[SOURCE MATERIAL Boundary: Start]

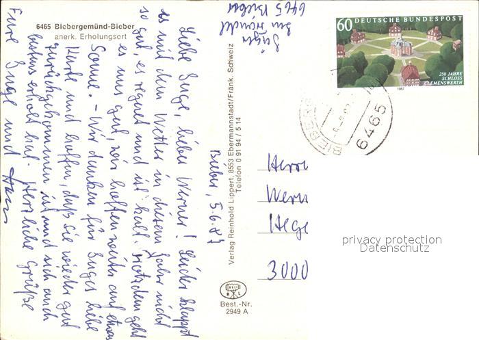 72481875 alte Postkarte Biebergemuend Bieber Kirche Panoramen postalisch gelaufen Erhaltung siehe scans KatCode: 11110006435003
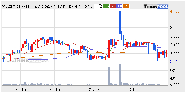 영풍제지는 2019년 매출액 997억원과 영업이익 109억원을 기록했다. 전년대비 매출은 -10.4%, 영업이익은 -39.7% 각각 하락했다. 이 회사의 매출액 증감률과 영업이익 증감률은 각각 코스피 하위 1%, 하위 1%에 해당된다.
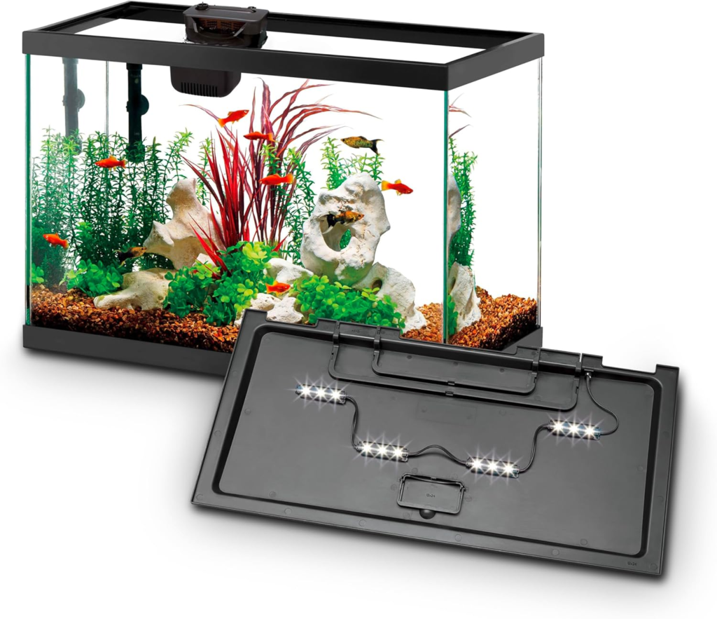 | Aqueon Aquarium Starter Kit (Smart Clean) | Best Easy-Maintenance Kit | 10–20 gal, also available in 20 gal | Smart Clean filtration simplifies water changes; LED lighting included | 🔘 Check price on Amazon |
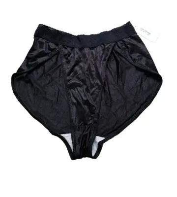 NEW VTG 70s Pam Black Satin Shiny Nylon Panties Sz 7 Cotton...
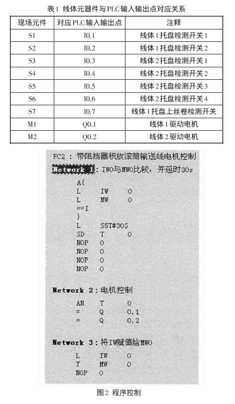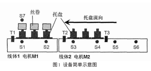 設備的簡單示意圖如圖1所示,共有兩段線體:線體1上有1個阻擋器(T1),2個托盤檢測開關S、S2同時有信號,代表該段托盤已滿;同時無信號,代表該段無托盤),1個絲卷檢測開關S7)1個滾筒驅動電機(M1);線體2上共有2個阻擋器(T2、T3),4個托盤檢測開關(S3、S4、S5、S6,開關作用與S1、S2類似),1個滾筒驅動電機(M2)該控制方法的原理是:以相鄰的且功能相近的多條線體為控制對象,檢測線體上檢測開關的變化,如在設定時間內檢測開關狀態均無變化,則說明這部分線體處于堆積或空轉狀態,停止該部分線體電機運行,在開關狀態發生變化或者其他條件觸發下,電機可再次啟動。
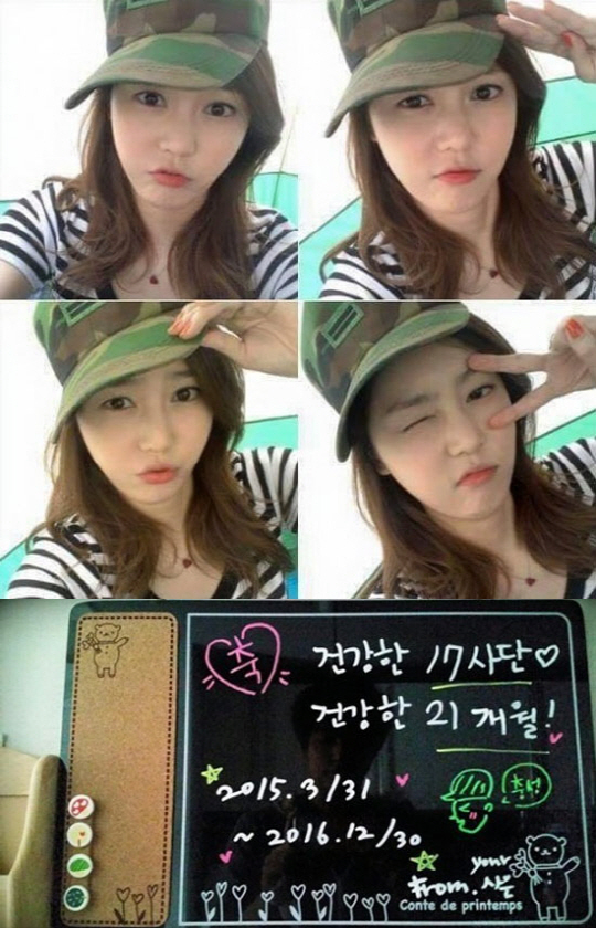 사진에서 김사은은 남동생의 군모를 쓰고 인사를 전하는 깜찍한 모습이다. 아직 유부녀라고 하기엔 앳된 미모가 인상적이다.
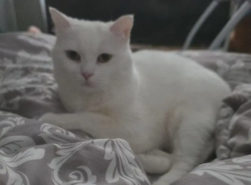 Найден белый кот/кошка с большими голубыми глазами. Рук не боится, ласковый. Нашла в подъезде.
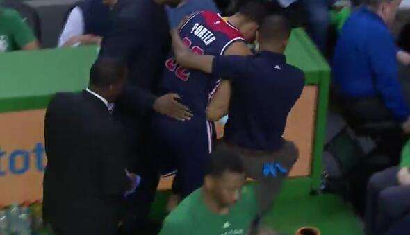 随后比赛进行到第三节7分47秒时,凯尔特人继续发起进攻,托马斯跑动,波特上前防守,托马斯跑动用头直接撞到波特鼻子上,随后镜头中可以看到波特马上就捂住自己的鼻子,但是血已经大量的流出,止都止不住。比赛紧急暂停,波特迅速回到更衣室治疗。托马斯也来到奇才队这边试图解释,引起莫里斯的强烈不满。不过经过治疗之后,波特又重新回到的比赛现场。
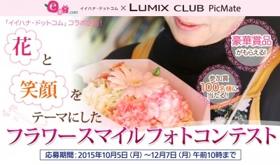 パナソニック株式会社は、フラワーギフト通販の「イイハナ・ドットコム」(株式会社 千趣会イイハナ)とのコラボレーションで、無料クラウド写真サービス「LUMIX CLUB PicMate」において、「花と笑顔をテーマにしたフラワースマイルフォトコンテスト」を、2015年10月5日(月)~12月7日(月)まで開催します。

[SOURCE MATERIAL Boundary: End]

● YOUR ASSIGNMENT
Repeat all the material above exactly, apart from the pictures.

● RESULT OF THE EXERCISE
 72481875 alte Postkarte Biebergemuend Bieber Kirche Panoramen postalisch gelaufen Erhaltung siehe scans KatCode: 11110006435003
 영풍제지는 2019년 매출액 997억원과 영업이익 109억원을 기록했다. 전년대비 매출은 -10.4%, 영업이익은 -39.7% 각각 하락했다. 이 회사의 매출액 증감률과 영업이익 증감률은 각각 코스피 하위 1%, 하위 1%에 해당된다.
 | Aqueon Aquarium Starter Kit (Smart Clean) | Best Easy-Maintenance Kit | 10–20 gal, also available in 20 gal | Smart Clean filtration simplifies water changes; LED lighting included | 🔘 Check price on Amazon |
 NEW VTG 70s Pam Black Satin Shiny Nylon Panties Sz 7 Cotton...
 設備的簡單示意圖如圖1所示,共有兩段線體:線體1上有1個阻擋器(T1),2個托盤檢測開關S、S2同時有信號,代表該段托盤已滿;同時無信號,代表該段無托盤),1個絲卷檢測開關S7)1個滾筒驅動電機(M1);線體2上共有2個阻擋器(T2、T3),4個托盤檢測開關(S3、S4、S5、S6,開關作用與S1、S2類似),1個滾筒驅動電機(M2)該控制方法的原理是:以相鄰的且功能相近的多條線體為控制對象,檢測線體上檢測開關的變化,如在設定時間內檢測開關狀態均無變化,則說明這部分線體處于堆積或空轉狀態,停止該部分線體電機運行,在開關狀態發生變化或者其他條件觸發下,電機可再次啟動。
 사진에서 김사은은 남동생의 군모를 쓰고 인사를 전하는 깜찍한 모습이다. 아직 유부녀라고 하기엔 앳된 미모가 인상적이다.
 Найден белый кот/кошка с большими голубыми глазами. Рук не боится, ласковый. Нашла в подъезде.
 随后比赛进行到第三节7分47秒时,凯尔特人继续发起进攻,托马斯跑动,波特上前防守,托马斯跑动用头直接撞到波特鼻子上,随后镜头中可以看到波特马上就捂住自己的鼻子,但是血已经大量的流出,止都止不住。比赛紧急暂停,波特迅速回到更衣室治疗。托马斯也来到奇才队这边试图解释,引起莫里斯的强烈不满。不过经过治疗之后,波特又重新回到的比赛现场。
 パナソニック株式会社は、フラワーギフト通販の「イイハナ・ドットコム」(株式会社 千趣会イイハナ)とのコラボレーションで、無料クラウド写真サービス「LUMIX CLUB PicMate」において、「花と笑顔をテーマにしたフラワースマイルフォトコンテスト」を、2015年10月5日(月)~12月7日(月)まで開催します。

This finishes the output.